In a colossal decision favoring digital privacy, the Supreme Court unanimously ruled 9-0 Wednesday that “police generally may not, without a warrant, search digital information on a cell phone seized from an individual who has been arrested” due to the immense amount of private information now commonly contained on cell phones.

In a ruling over two separate cases in California and Massachusetts, the Supreme Court ruled in favor of privacy rights over the necessity of investigating crime. Defendants David Riley of California and Brima Wurie of Massachusetts sought to overturn their convictions due to the fact that their convictions had stemmed from their phones being searched without a warrant.
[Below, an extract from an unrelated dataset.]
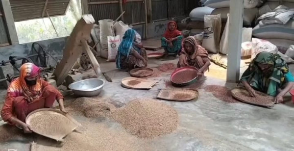 শফিকুলের বাড়ির উঠানে দেখা গেলো দুটি বিদ্যুৎচালিত ঢেঁকি, যেগুলো কাঠ দিয়ে তৈরি এবং রেললাইন আকৃতির ঘরের মধ্যে স্থাপন করা। এসব ঢেঁকিতে প্রতিদিন ১৫০ কেজি পর্যন্ত লাল চাল উৎপাদিত হচ্ছে। বর্তমানে সেখানে পাঁচজন স্থায়ী ও সাতজন মৌসুমি শ্রমিক কাজ করছেন, যাদের মধ্যে চারজন নারী শ্রমিক ধান ভাঙ্গা, চাল বাছাইসহ বিভিন্ন পর্যায়ের কাজে নিয়োজিত। রয়েছে একটি অফিসঘর, যেখানে একজন ম্যানেজার অর্ডার নিচ্ছেন অনলাইনে। এর মাধ্যমেই সব খরচ মিটিয়ে লাখ টাকা আয় করেন তিনি।
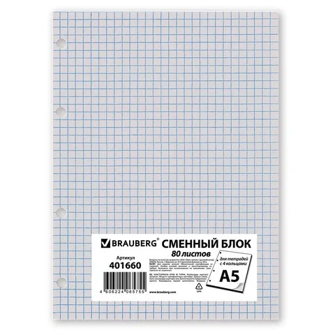 Сменный блок для тетради на кольцах Brauberg белый, А5, 80 листов, в клетку

The Supreme Court ruled that both searches were unconstitutional.

While police are still allowed to examine a phone to specifically ensure it is not a weapon, the ruling states “digital data stored on a cell phone cannot itself be used as a weapon to harm an arresting officer or to effectuate the arrestee’s escape.”

“Modern cellphones are not just another technological convenience,” said Chief Justice John G. Roberts Jr. “The fact that technology now allows an individual to carry such information in his hand does not make the information any less worthy of the protection for which the Founders fought. Our answer to the question of what police must do before searching a cell phone seized incident to an arrest is accordingly simple—get a warrant.”

ACLU national legal director Steven R. Shapiro responded to the ruling: “By recognizing that the digital revolution has transformed our expectations of privacy, today’s decision is itself revolutionary and will help to protect the privacy rights of all Americans. We have entered a new world but, as the court today recognized, our old values still apply and limit the government’s ability to rummage through the intimate details of our private lives.”